Building Trust with the Algorithms in Our Lives
Consumers are wary of the recommendations made by algorithms. But according to new research co-authored by Yale SOM’s Taly Reich, showing that an algorithm can learn—that it improves over time—helps to resolve this distrust.
Algorithms are omnipresent in our increasingly digital lives. They offer us new music and friends. They recommend books and clothing. They deliver information about the world. They help us find romantic partners one day, efficient commutes the next, cancer diagnoses the third.
And yet most people display an aversion to algorithms. They don’t fully trust the recommendations made by computer programs. When asked, they prefer human predictions to those put forward by algorithms.
“But given the growing prevalence of algorithms, it seems important we learn to trust and appreciate them,” says Taly Reich, associate professor at Yale SOM. “Is there an intervention that would help reduce this aversion?”
New research conducted by Reich and two colleagues, Alex Kaju of HEC Montreal and Sam Maglio of the University of Toronto, finds that clearly demonstrating an algorithm’s ability to learn from past mistakes increases the trust that people place in the algorithm. It also inclines people to prefer the predictions made by algorithms over those made by humans.
In arriving at this result, Reich drew on her foundational work on the value of mistakes. In a series of prior papers, Reich has established how mistakes, in the right context, can create benefits; people who make mistakes can come across as more knowledgeable and credible than people who don’t. Applying this insight to predictive models, Reich and her colleagues investigated whether framing algorithms as capable of learning from their mistakes enhanced trust in the recommendations that algorithms make.
In one of several experiments, for instance, participants were asked whether a trained psychologist or an algorithm would be better at evaluating somebody’s personality. Under one condition, no further information was provided. In another condition, identical performance data for both the psychologist and the algorithm explicitly demonstrated improvement over time. In the first three months, each one was correct 60% of the time, incorrect 40% of the time; by six months, they were correct 70% of the time; and over the course of the first year the rate moved up to 80% correct.
Absent information about the capacity to learn, participants chose a psychologist over an algorithm 75% of the time. But when shown how the algorithm improved over time, they chose it 66% of the time—more often than the human. Participants overcame any potential algorithm aversion and instead expressed what Reich and her colleagues term “algorithm appreciation,” or even “algorithm investment,” by choosing it at a higher rate than the human. These results held across several different cases, from selecting the best artwork to finding a well-matched romantic partner. In every instance, when the algorithm exhibited learning over time, it was trusted more often than its human counterpart.

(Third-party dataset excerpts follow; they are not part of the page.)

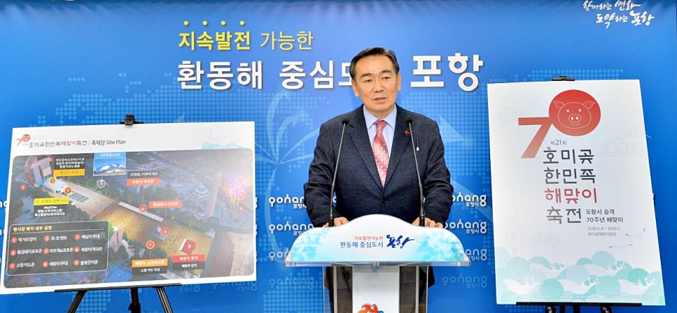 2019 기해년(己亥年) 대한민국 대표 해맞이축제인 '제21회 호미곶한민족해맞이축전'이 오는 31일부터 2019년 1월 1일 이틀간 포항 호미곶 새천년광장에서 개최된다.
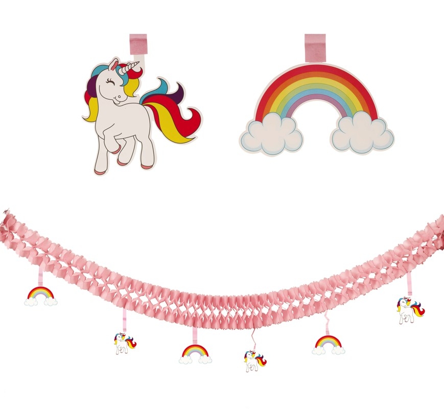 A Grinalda Papel Unicórnio 3m é amplamente utilizada na decoração de portas e paredes. Também pode ser utilizada de modo a criar cenários, tais como cenários de ensaios fotográficos, peças de teatro, mas é principalmente utilizado para decorar paredes que ficam por trás da mesa principal onde se colocam os bolos.
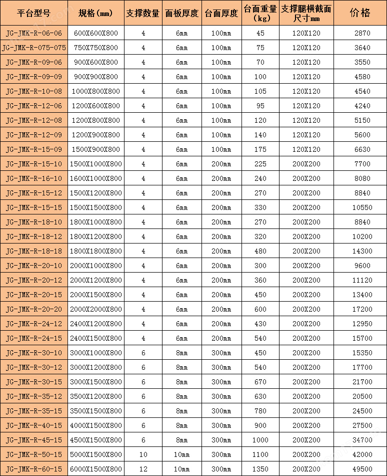 15.重量:100mm厚台面约:120Kg/m2 200mm厚台面约:140Kg/m2 300mm厚台面约:160Kg/m2
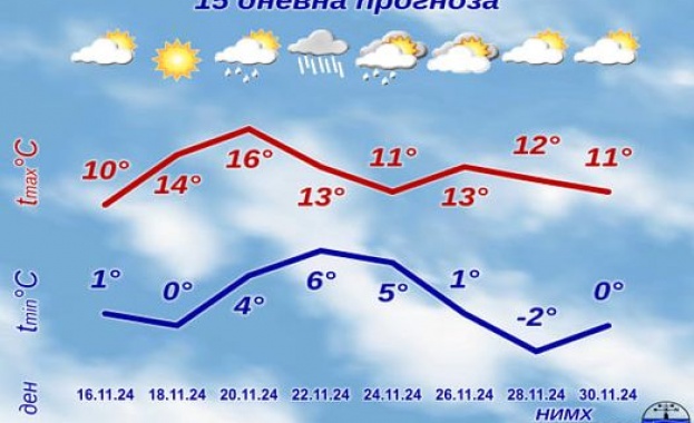 Във вторник (19 ноември) вятърът ще се ориентира от юг-югозапад и ще се усили. Ще преобладава слънчево време с разкъсана средна и висока облачност. Минималните температури ще са между минус 3° и 2°, а максималните - между 12° и 17°. В сряда (20 ноември) ще продължи да духа умерен, в Източна България и северно от планините и временно силен юг-югозападен вятър, който ще се прояви като фьон; вечерта в Северозападна България вятърът ще се ориентира от северозапад. Облачността ще се увеличава и вплътнява и до вечерта на отделни места в западните и южните райони ще превали слаб дъжд. Температурите ще се повишат още и в районите чувствителни на южен вятър дневните ще достигат 18°-20°.
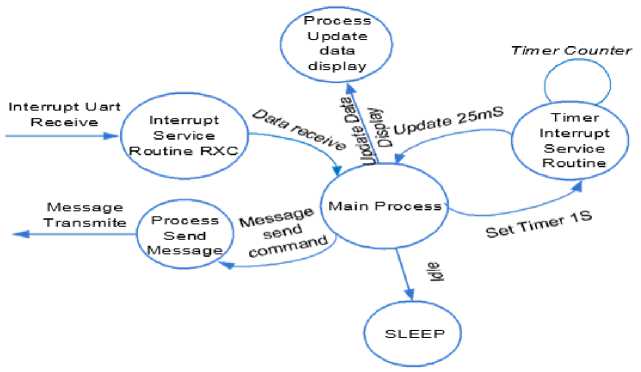 Master memberikan perintah kepada slave dalam bentuk pesan alamat (address). Pesan tersebut di-generate pada interval waktu 25 mS memanfaatkan fungsi interrupt timer tiap satu detik. Selama satu detik Master mampu mengenerate sebanyak 40 pesan secara berulang. State diagram perangkat lunak Master seperti terlihat pada Gambar 6 [7].
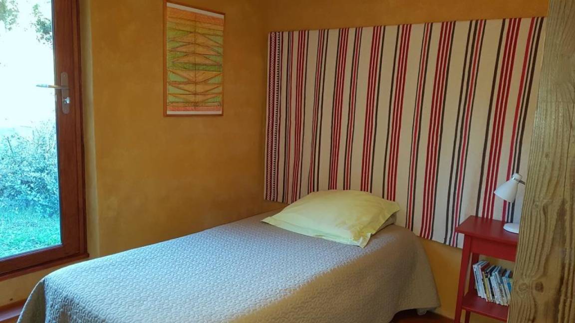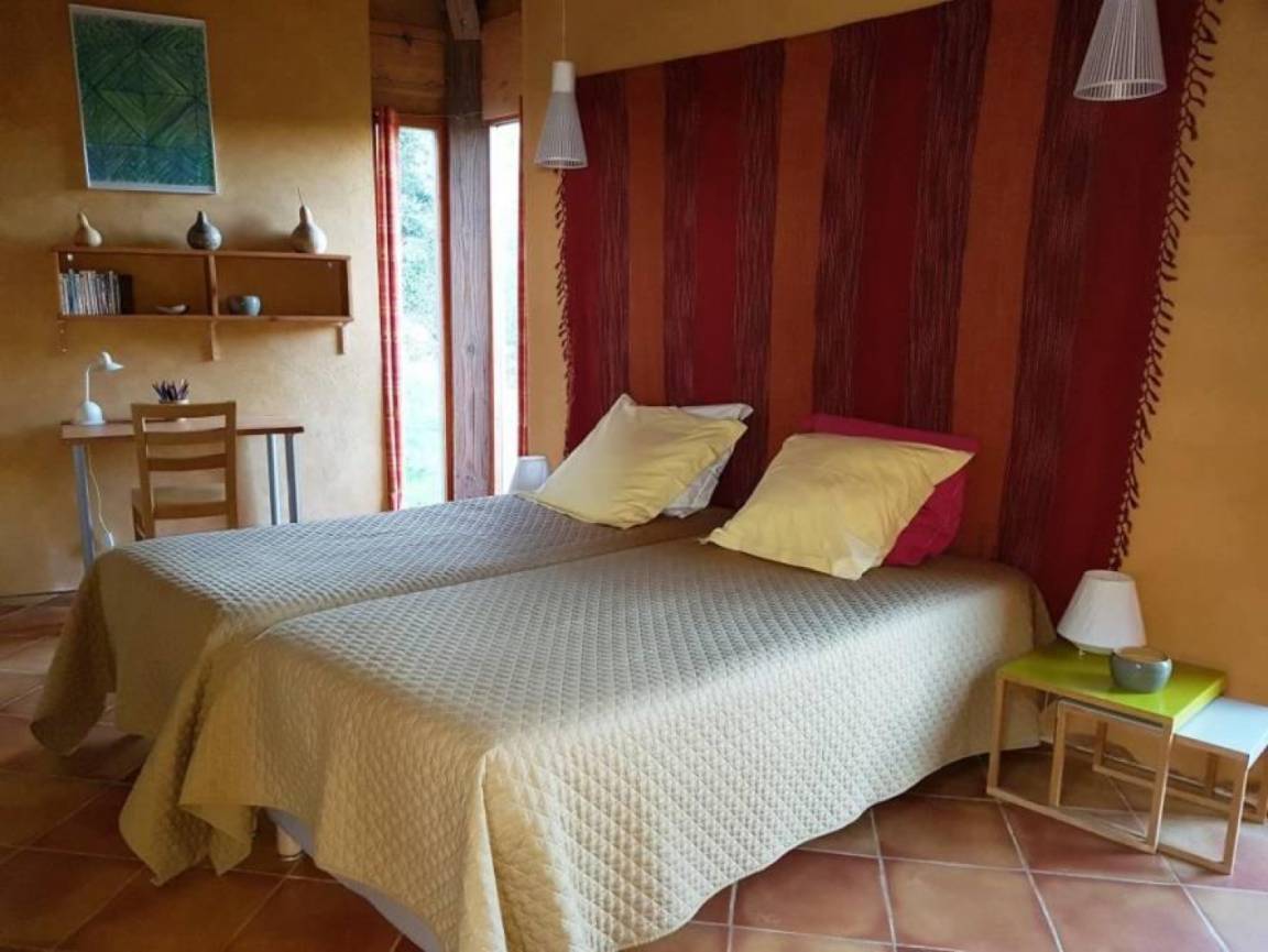 „Malgré un temps instable, nous avons beaucoup apprécié cet écogite pour son originalité, son confort, sa luminosité Très belle vue de la terrasse un environnement très naturel: Coq, poules, chattes nous visitent parfois Des propriétaires charmants qui nous ont invitées chez eux pour un apéro le lendemain soir de notre arrivée Des explications très intéressantes sur la création de cet écogite“
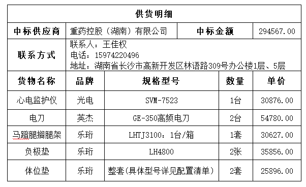 南华大学附属第二医院门诊手术设备一批采购项目中标公告
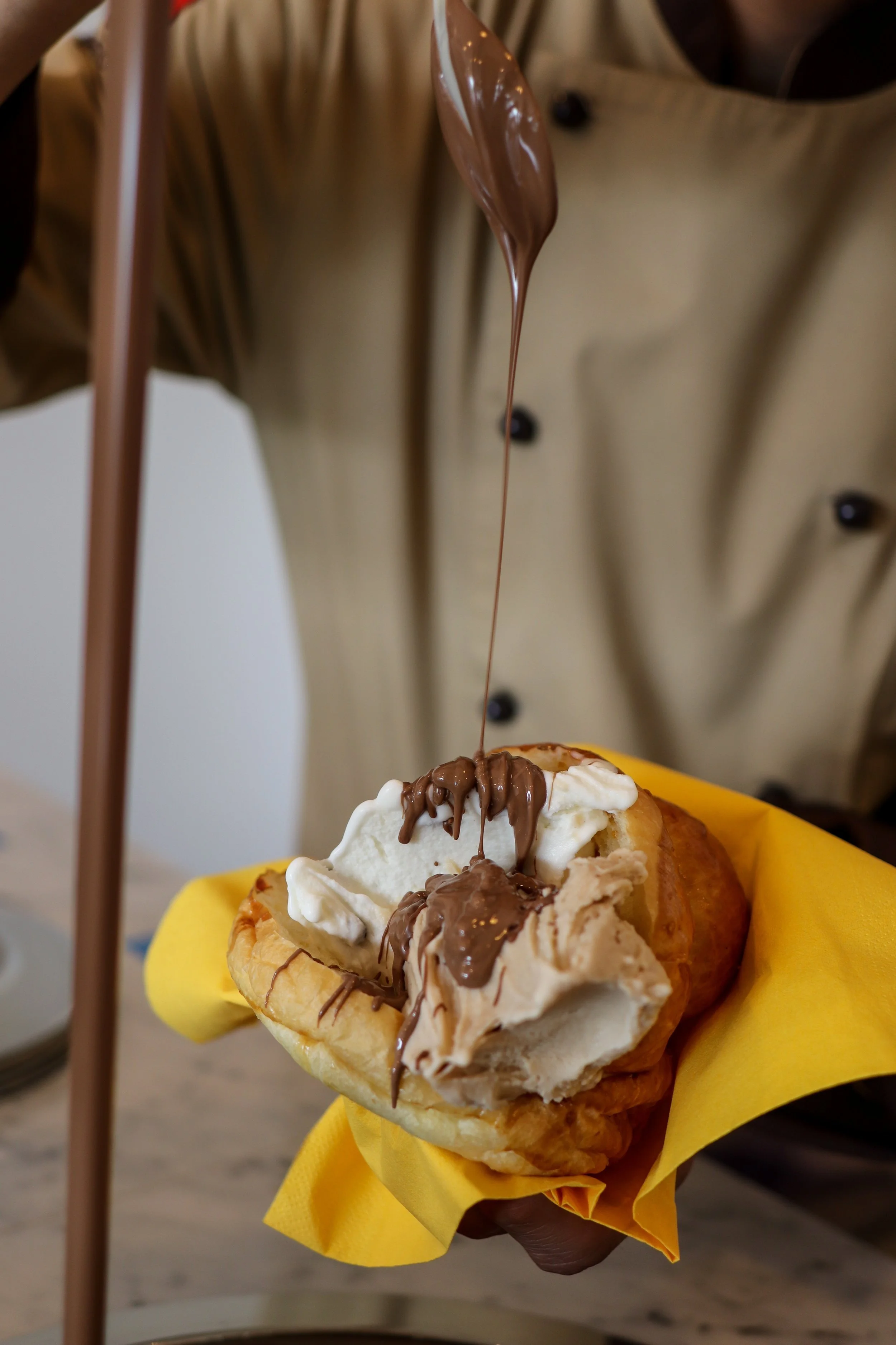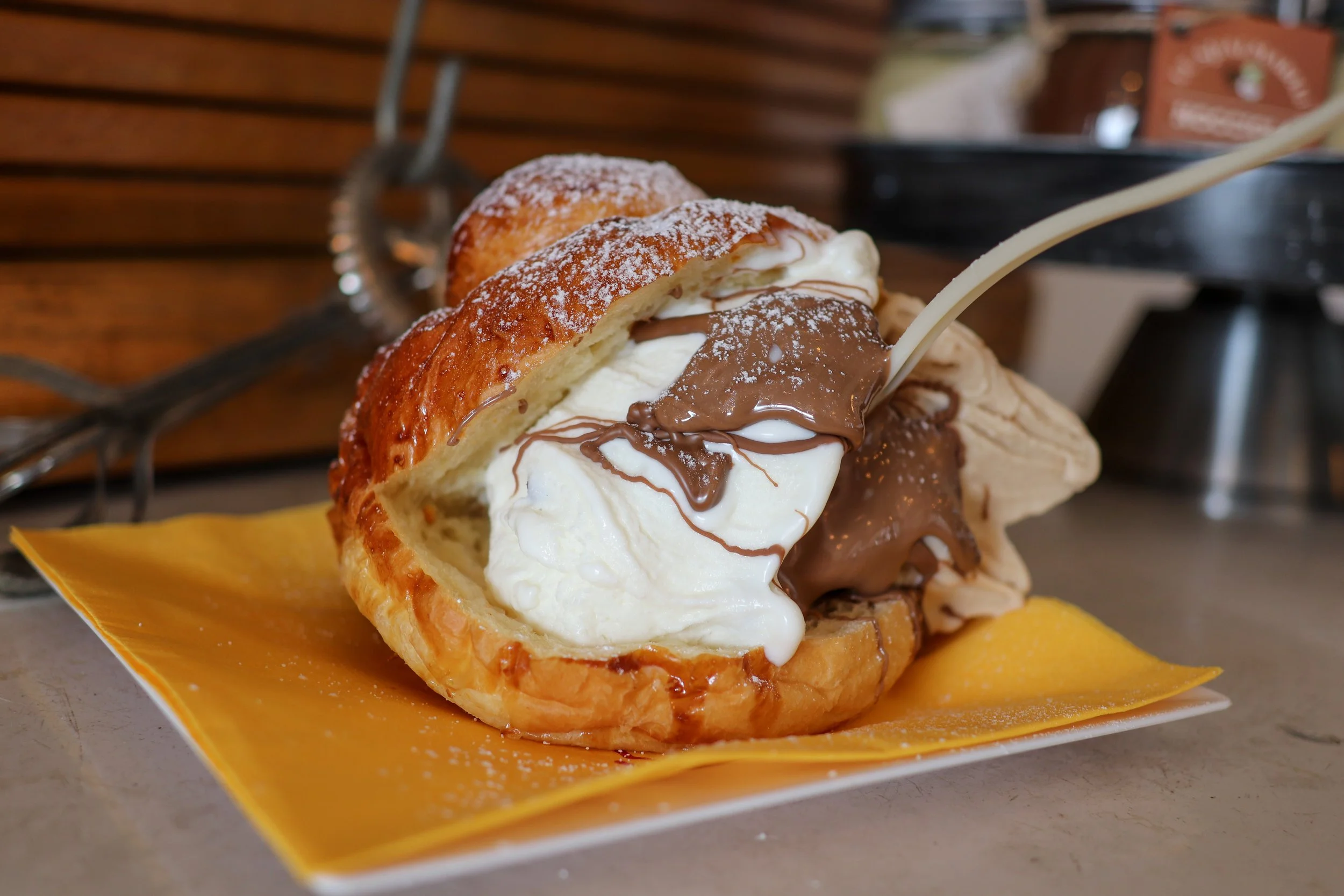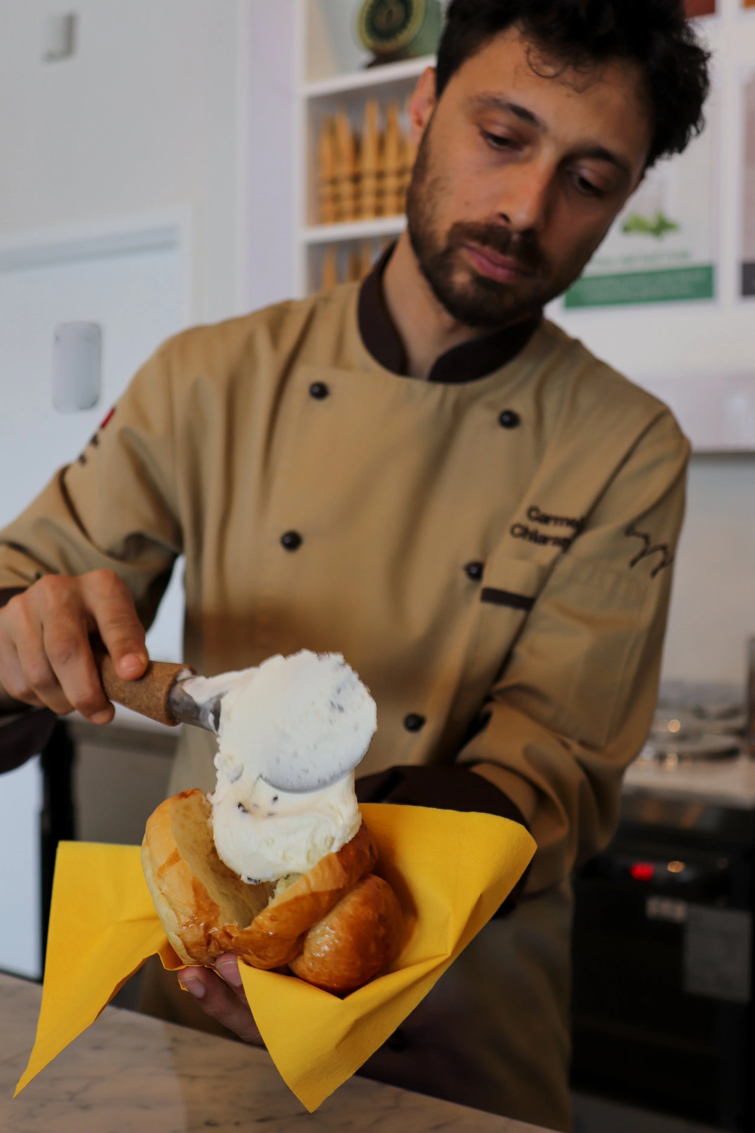 Features Ice Cream Ingredients Interview Gelato ice cream Ingredients Norwalk Interview Italian Scoop This: OGGI Gelato Opens First Shop in the U.S. in Norwalk Andrew Dominick June 03, 2024 Now THAT’S a sandwich! Udine, Trieste, Pordenone, Rome, Barcelona, Santiago, Athens, and…Norwalk, Connecticut? So, you usually don’t see six European cities and one South American city mentioned in the same breath as Norwalk, but when it comes to gelato and master gelato maker, Carmelo Chiaramida, this is perhaps the one time it applies. Maurizio Ricci (left), Carmelo Chiaramida (middle), and Graziano Ricci (right) have created their own “Little Italy” with OGGI being stationed between Romanacci and Osteria Romana. What Chiaramida is doing in Norwalk, opening his first OGGI Gelato shop in America, is simply every local ice cream lover’s good fortune. Call it a coincidence through connection, actually. And it’s best spelled out by Maurizio Ricci, who along with his brother, Graziano, are the founders of Romanacci and Norwalk’s Osteria Romana. Chiaramida prepares a cone. The waffle cone gets a drizzling of liquid chocolate and you can stack them as high as three scoops. The flavors here are dark chocolate, pistachio, and milk cream. “We met Carmelo a few years ago when he ate at Osteria Romana,” Maurizio explains. “A mutual friend introduced us when Carmelo was in New York City exploring an opportunity to open OGGI there. They ended up eating at Osteria Romana. He very friendly asked about how many people come to Connecticut, business questions, and he mentioned shops in Spain, Greece, Italy, Chile. I asked how he started it, and he said he was just like us because we’re trying to open Romanacci up to that.”Graziano chimes in, “We have similar values and a similar situation that we came here and started with not a lot of money, and we’re all passionate people.” Gelato is of course available in to-go pints. OGGI’s homemade pastes are for sale as well. Carmelo casually walks in 90 minutes before OGGI Norwalk opens. Unassuming, casually dressed, too. Talk to him for a bit and you’ll feel his passion for the gelato craft all while remaining humble. In his home country, Mauricio says, “This guy’s a big deal in Italy!” In Norwalk, no one knows him…yet. But you should get to know a little more about his gelato origin story and what he’s doing that other gelato makers likely aren’t doing. In 2005, Carmelo wasn’t even making ice cream. He played futbol—that’s soccer, not the NFL. The way he tells the story is he sought a summer job and a friend connected him with a new gelateria shop that was set to open in his hometown of Udine. From that point on, he was hooked. Gelato stuffed inside brioche is common in Italy. The Riccis and Chiaramida just needed someone to make the brioche. “Pierluigi came in one day and dropped off some sourdough and we could see his passion,” Maurizio says. “He’s on another level.” “I opened my first shop in 2007 (called Al Duomo),” he says. “I was so concerned and so afraid to start my own business. My family doesn’t have money to help me open something, so they told me to go to the bank to get a loan. I was only 20, so it was scary.”After three years of operating his first gelateria, Carmelo was approached by Fabbri, a company that produces pastes and powders for gelato—you may be familiar with from their delicious Amarena cherries—for a job opportunity where he also got to attend Fabbri’s own gelato and pastry school. All of OGGI’s gelato is free of artificial ingredients and free of any dyes to make it appear brighter. Everything you see, color wise, is natural. “I ended up working there for four years, traveling a lot, lots of hotels, but I just wanted to make gelato, just not like my colleagues, I wanted to be different,” Carmelo says. “So many gelato makers use industrial products, for example, hazelnut, vanilla, and lemon pastes. It is already half prepped. Some of it is still good, it’s just not pure. I wanted to make something that is 100% mine. I wanted it to be unique, not using the same products as everyone else. How many of them make it themselves?”For two years, Carmelo studied and worked hard at making his own book of recipes that is completely free of any industrial products, roasting his own hazelnuts, cutting fresh, local fruit, and making his own pastes. And in a full circle gelato moment, in 2014, Carmelo even bought the same shop that first hired him to make gelato back in 2005, opening the very first OGGI, the Italian word for “today.” Carmelo, who was no stranger to gelato festivals and competitions before, wound up winning a big one that he credits with putting him on the map. But with recognition and accolades, offers will trickle in. “A big Italian company made me an offer to open a lot of shops, but we couldn’t come to an agreement,” he says. “I felt better to not accept the offer because I didn’t want to change the mentality of how I operate. I’m looking for guys like this (as he points to Maurizio and Graziano). Normal, hardworking. We think alike, we kinda look alike.”Maurizio interrupts, “Someone just asked me if he is my son! What?! My son?!”“We clicked,” Carmelo says. “He went all over and he didn’t feel the connection,” Maurizio continues. “We looked everywhere; Westport, Greenwich, Fairfield. When the landlord of this plaza had a space between our restaurants, he called us to ask if we wanted to take it before he offered it to anyone else. We called Carmelo right away. We know it’s good for our customers that want something like this, and we want to bring something excellent here. It’s not just a partnership with anyone, he’s the best of the best. People here don’t know his brand yet. In Europe they would know. In America, you get a drink after dinner. In Italy, you go for a gelato.” What you’re getting with OGGI is a
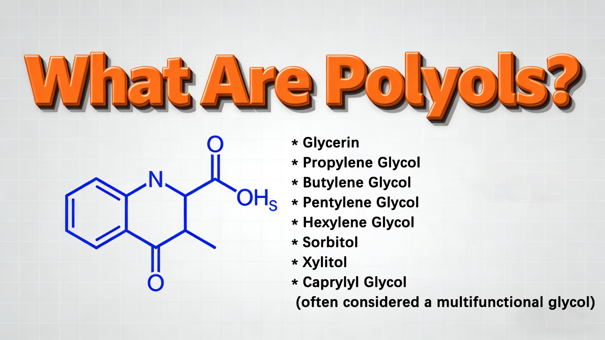 폴리올은 여러 개의 하이드록실(-OH)기를 포함하는 유기 화합물입니다. 폴리올은 수용성, 안전성, 그리고 다기능성 때문에 개인 위생용품 및 물티슈 액체 제형에 널리 사용됩니다.
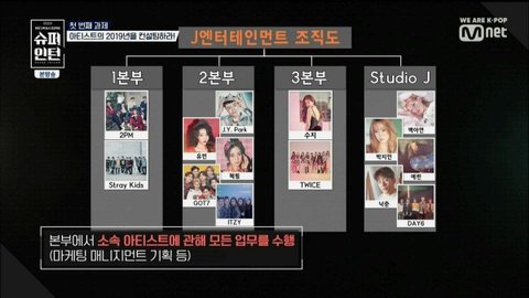 1본부- 투피엠, 스키즈2본부-갓세븐, 있지,유빈,혜림,박떡고3본부-트와이스,수지스튜디오제이-데이식스,백아연,박지민,백예린,낙준(버나드박)
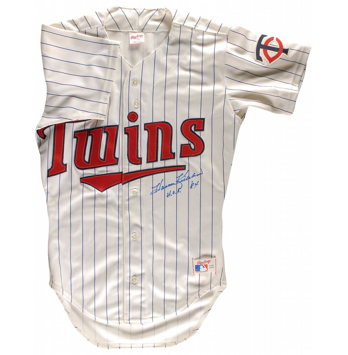 Official Rawlings replica Minnesota Twins baseball jersey, with sewn on letters, signed in black felt tip on the front, “Harmon Killebrew H.O.F. ‘84.” In fine condition.
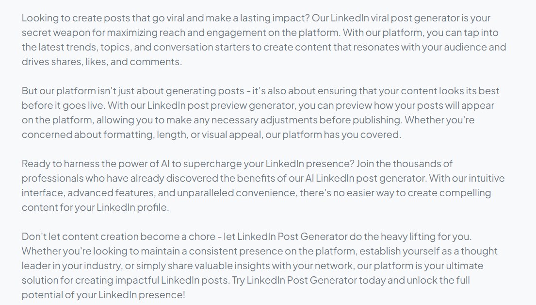 The LinkedIn Post Creator produces polished and captivating posts for LinkedIn.
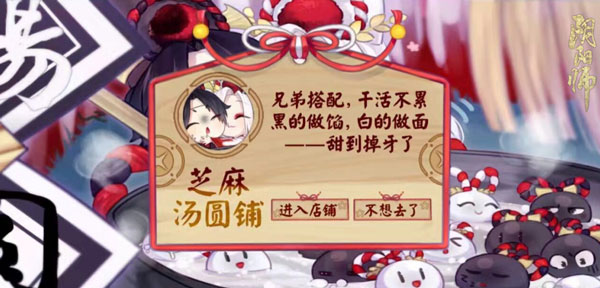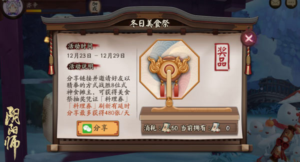 “冬日美食祭”有酒有汤有串,让人食指大动,玩家前往游戏内庭院-许愿架,点击“美食祭”灯笼即可参加活动。该H5上线后迅速引发了玩家们的分享热潮,玩家在H5中可以通过猜拳形式与美食店主进行比赛,赢了即可赢得10张料理券,每个玩家每日最多可通过H5获得480张料理券。此券可供玩家在游戏中抽取美食道具:在活动入口界面,使用活动期间获得的料理券,便有机会抽取到新推出的美食主题结界卡。美食主题结界卡为特定结界卡,可在加入阴阳寮后配置在结界中使用,除了使特定式神获取结界经验,还将掉落式神碎片等随机奖励。
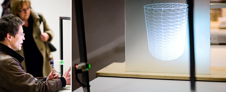 The industrial designer constructed a modified 3D printing machine that uses a glue gun and haptic interface to tactually control the making process. When the tip of the gun nears the invisible computer-generated 3D shape, users feel resistance which in turn provides them with a non-visual guide for creating their object. Using only tactile stimulation, makers are able to construct an item by building layer upon layer of material. The result, as Lee had hoped, is a purposefully imperfect object that shows traces of both the digital tool and the human hand.

Of course, Reich recognizes that companies often can’t or don’t want to disclose specific details about the accuracy of their algorithms. Most likely, they won’t break outcomes down to percentages and share these with consumers. “Importantly, though, this was a hybrid paper, where we cared about the practical implications as much as the theory,” she says. “Given constraints in the real world, we wanted to know whether there were more subtle methods for dispelling this notion that AI can’t learn.”
“If we understand that machines, like humans, can learn from their mistakes, we won’t resist them as much.”
The researchers explored whether small changes to how predictive software is described has an impact on choice. In one study, participants were asked whether they wanted to rely on themselves to judge the quality of a piece of art, or whether they wanted to rely on technology to do it for them. The technology was described as either an “algorithm” or a “machine-learning algorithm.” When given the choice of “algorithm,” the majority of people chose themselves. When offered instead a “machine-learning algorithm,” the majority of people chose technology. Simply providing a name suggestive of an algorithm’s ability to learn proved sufficient to overcome lack of trust.
For Reich, this presents a clear and practical takeaway for companies that rely, in one way or another, on predictive algorithms. Companies need to be aware that consumers, for the most part, harbor distrust of the recommendations made by algorithms. But this distrust, to a point, is readily overcome: a simple semantic nod toward an algorithm’s ability to learn will build greater trust with the consumers it serves.
“If we understand that machines, like humans, can learn from their mistakes,” Reich says, “we won’t resist them as much.”